▶ INFORMATION GIVEN:
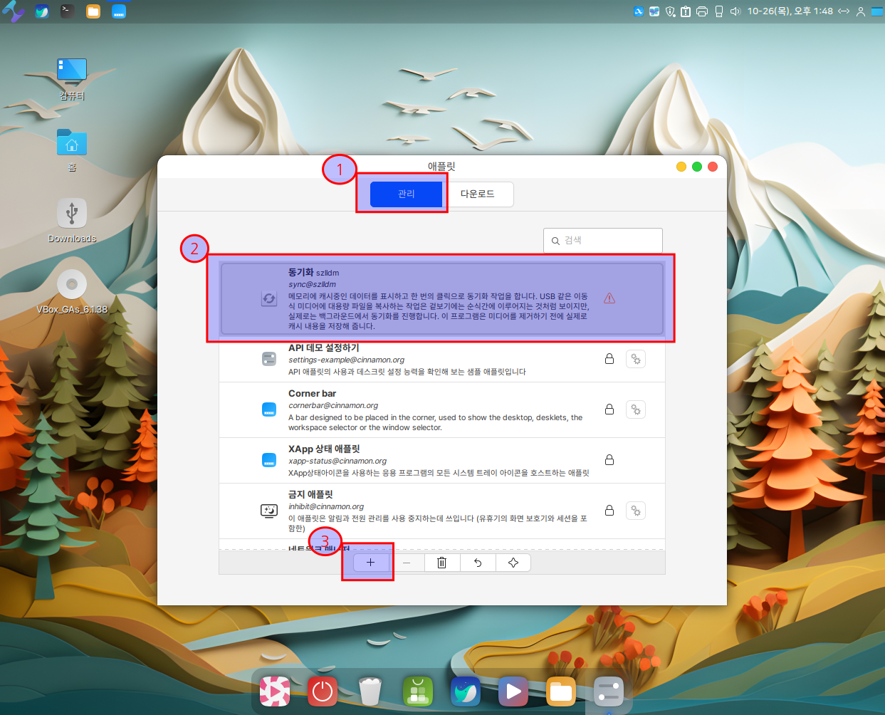 2. 애플릿 창에서 "관리" 탭을 클릭하고,  "동기화Sync" 애플릿을 사용하기 위해서 마우스로 선택을  하신 다음에 애플릿 창 하단의 "+"을 클릭합니다.&#x20;
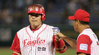 프로야구 첫 개인 통산 200승에 단 1승을 남겨두고 3차례 쓴맛을 본 송진우가 22일 대전 구장에서 200승 4수째에 나섰다. 0-0이던 한화의 5회말 1사 만루서 김태균이 선제 2타점 적시타를 치고 나가 김호 1루코치와 하이파이브를 하고 있다./대전=손용호 기자spjj@osen.co.kr [Copyright ⓒ 한국 최고의 스포츠 엔터테인먼트...
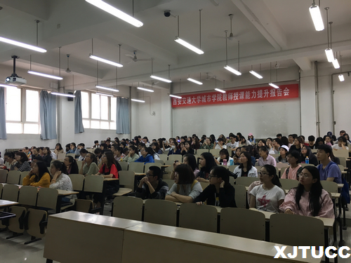日语教研室主任吴夫迎详细解读了“三证”的内容,深入简出地向大家展示了所有我院认可的关于日语专业的能力证书,并一一解释考试费用、能力划分、重要性等内容,充分有效的直击主题。英语类教研室主任徐素云对学生刚进行完的月考进行分析,对学生阶段性学习成果进行总结,提醒学生日常学习的重要性。并且。徐素云对两个专业学生须取得的证书分别作一介绍,使学生更清楚的了解取得学位证、毕业证所需的条件。外语系还邀请到北京外交人员服务局国教中心卫晓璠向学生讲解专业技能证书之一TESOL国际英语教师资格证书的详细情况,包括证书的获取方法、考试费用、考试时间、认可度等。
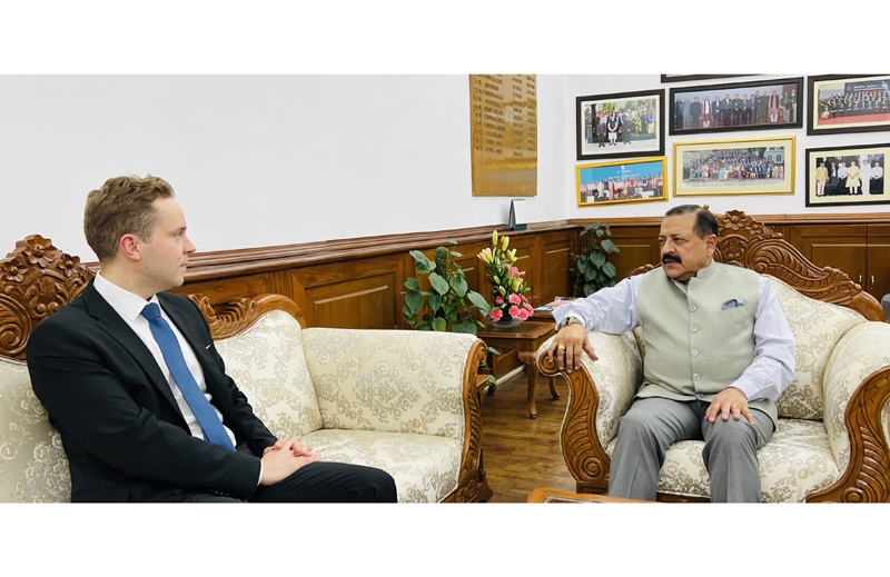 Finland Minister of Education and Culture, Petri Honkonen calling on Union Minister Dr Jitendra Singh at North Block, New Delhi on Monday.
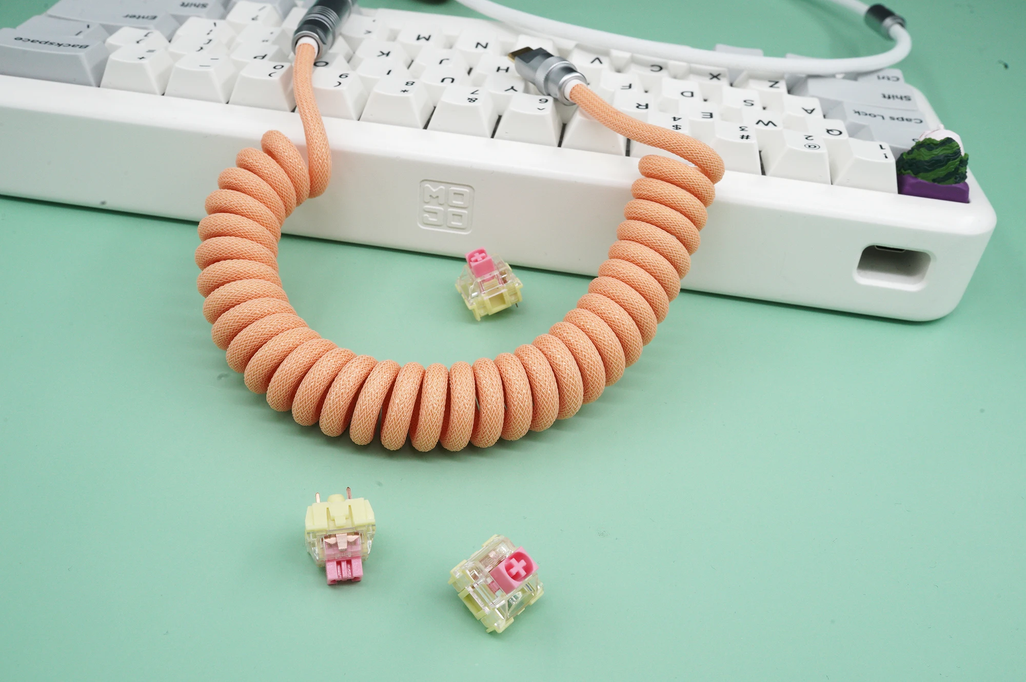 Купить GeekCable Hand-made Customized Keyboard Data Spiral Line Rear Aviation Plug Peach Color + White for Mechanical Keyboard за 2850рублей
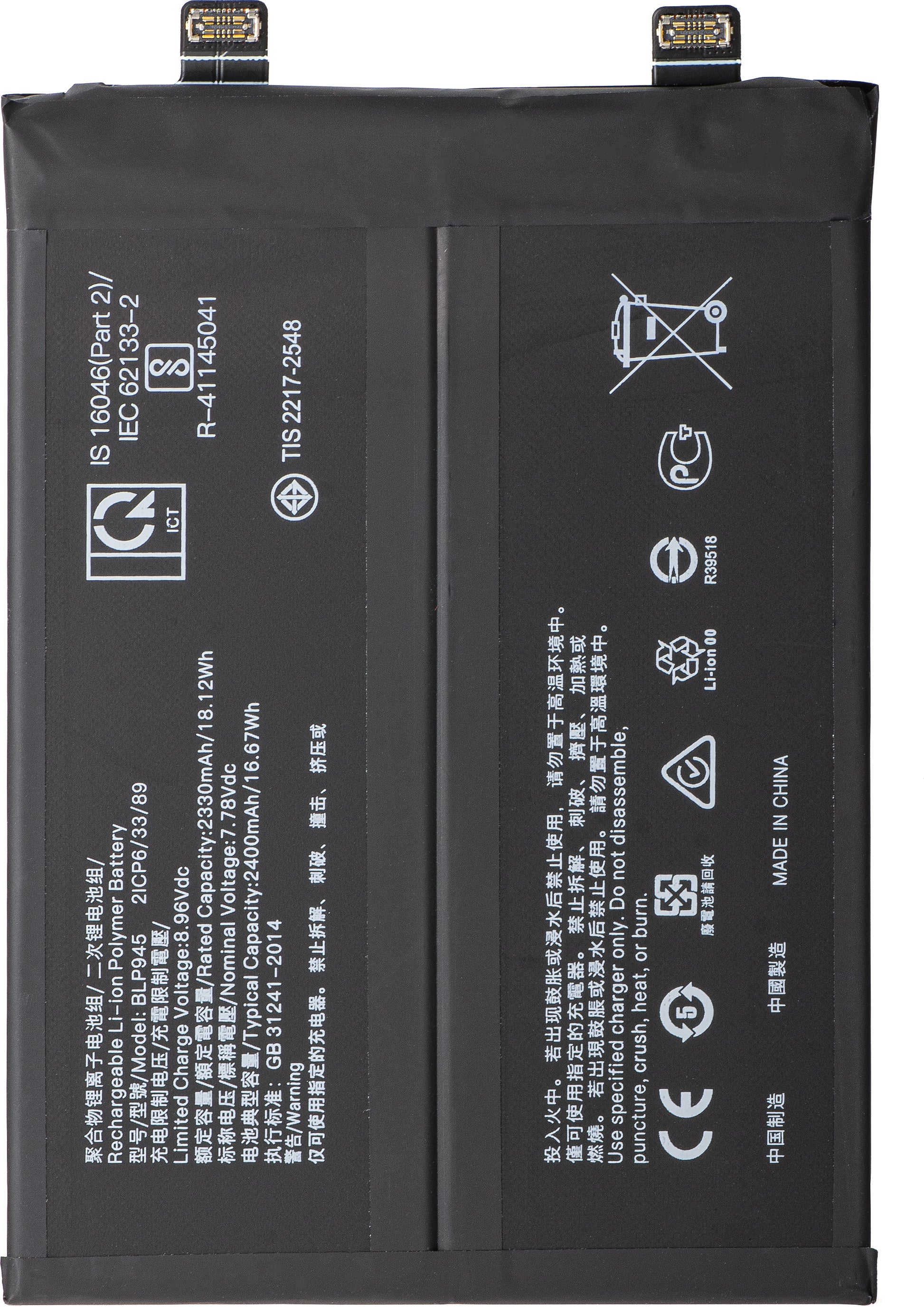 Capacity 2330mAh
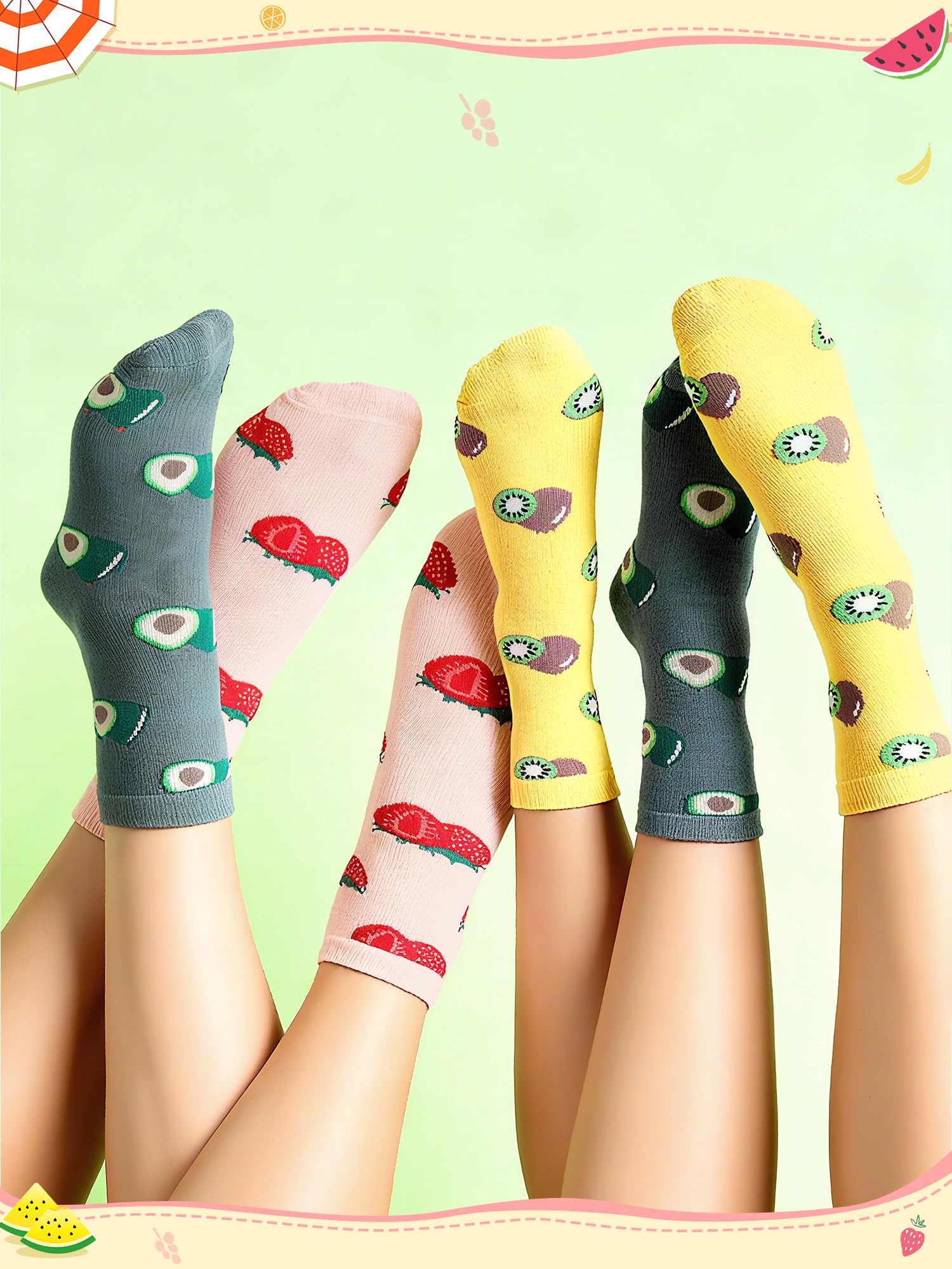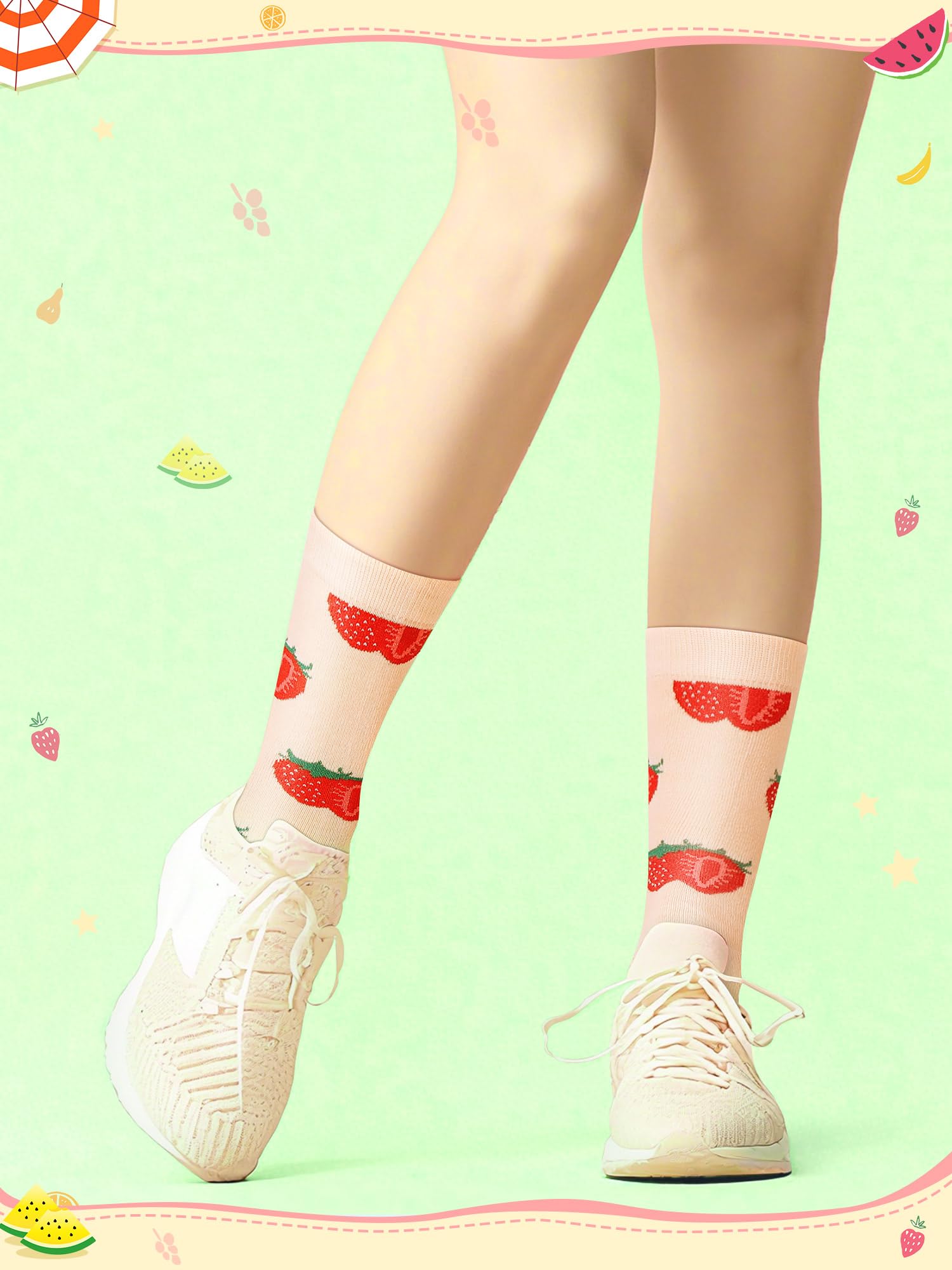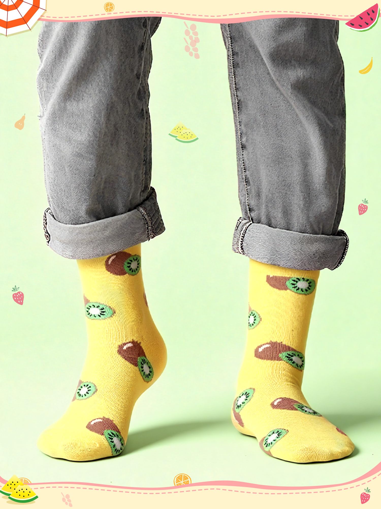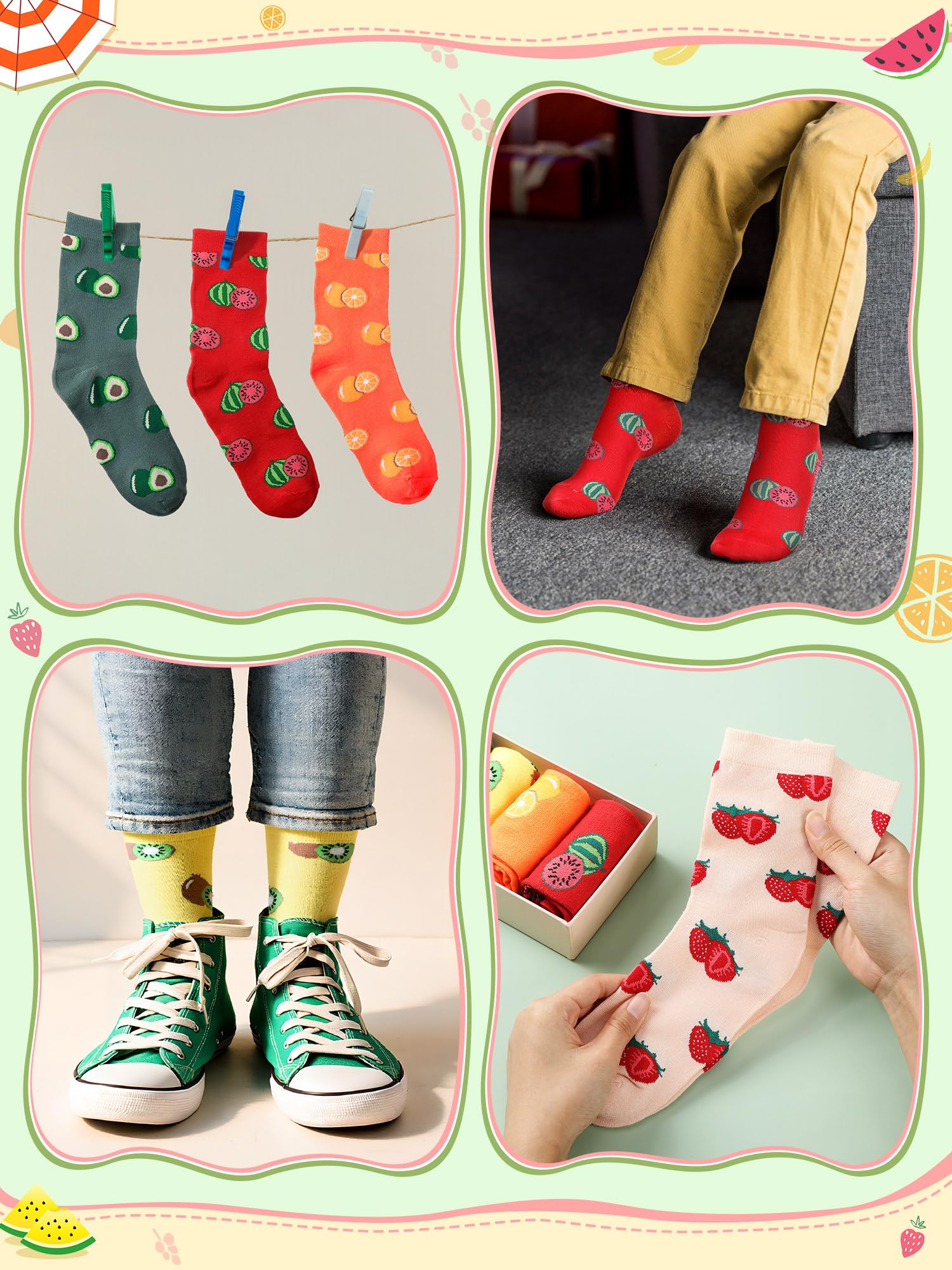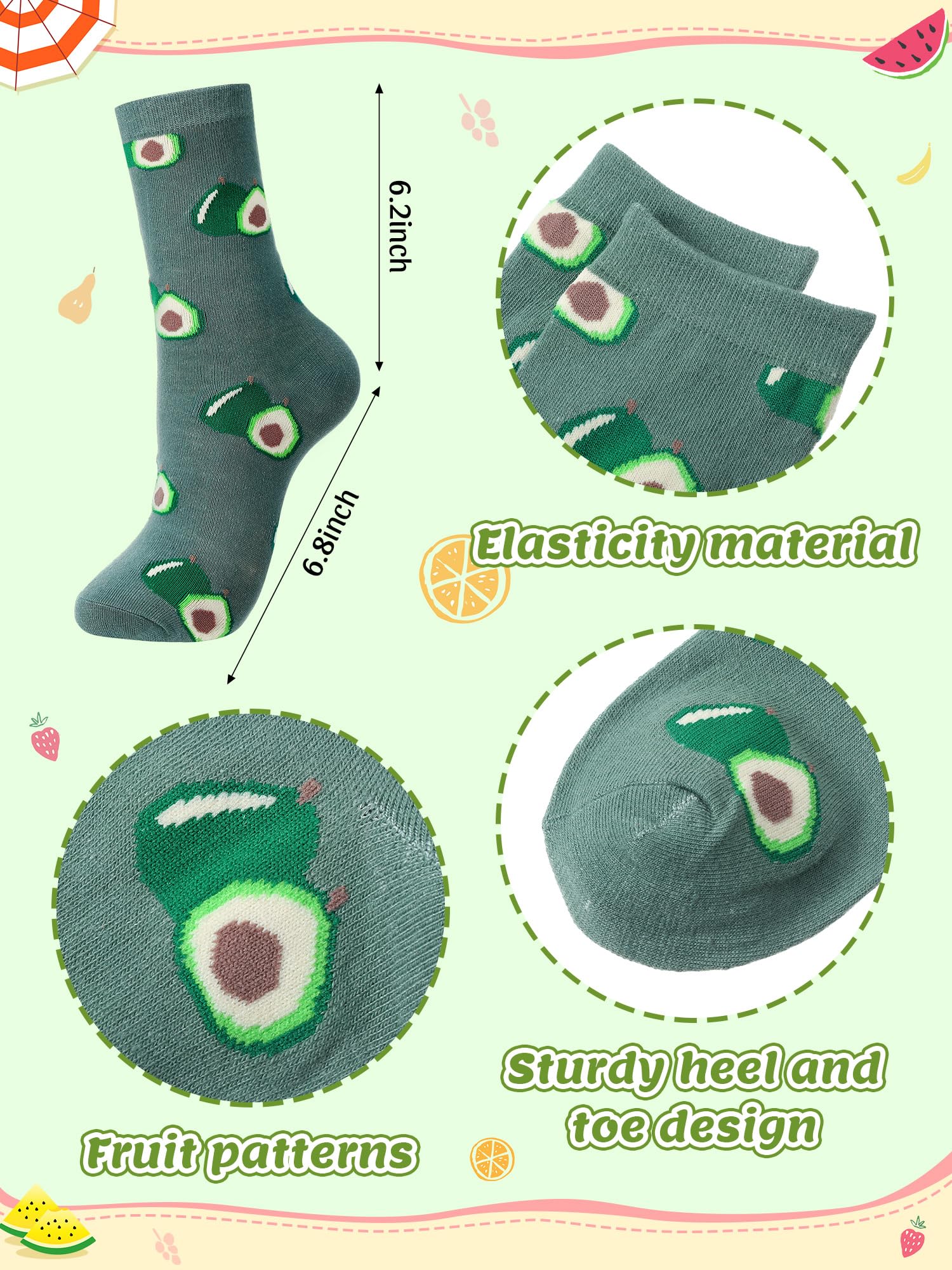 Elastic Socks: designed with elasticity, these women novelty pattern fruit socks comfortably hug your feet without being too loose or too tight; They stay securely in place without causing discomfort from excessive tightness, keeping your feet uniquely warm

▶ WORK ORDER: Starting at the line above that has "프로야구 첫 개인 통산" and ending at the line that has "Capacity 2330mAh", copy each line exactly, leaving the pictures out and adding nothing.

▶ OUTPUT FOR THIS TASK:
 프로야구 첫 개인 통산 200승에 단 1승을 남겨두고 3차례 쓴맛을 본 송진우가 22일 대전 구장에서 200승 4수째에 나섰다. 0-0이던 한화의 5회말 1사 만루서 김태균이 선제 2타점 적시타를 치고 나가 김호 1루코치와 하이파이브를 하고 있다./대전=손용호 기자spjj@osen.co.kr [Copyright ⓒ 한국 최고의 스포츠 엔터테인먼트...
日语教研室主任吴夫迎详细解读了“三证”的内容,深入简出地向大家展示了所有我院认可的关于日语专业的能力证书,并一一解释考试费用、能力划分、重要性等内容,充分有效的直击主题。英语类教研室主任徐素云对学生刚进行完的月考进行分析,对学生阶段性学习成果进行总结,提醒学生日常学习的重要性。并且。徐素云对两个专业学生须取得的证书分别作一介绍,使学生更清楚的了解取得学位证、毕业证所需的条件。外语系还邀请到北京外交人员服务局国教中心卫晓璠向学生讲解专业技能证书之一TESOL国际英语教师资格证书的详细情况,包括证书的获取方法、考试费用、考试时间、认可度等。
 Finland Minister of Education and Culture, Petri Honkonen calling on Union Minister Dr Jitendra Singh at North Block, New Delhi on Monday.
 Купить GeekCable Hand-made Customized Keyboard Data Spiral Line Rear Aviation Plug Peach Color + White for Mechanical Keyboard за 2850рублей
 Capacity 2330mAh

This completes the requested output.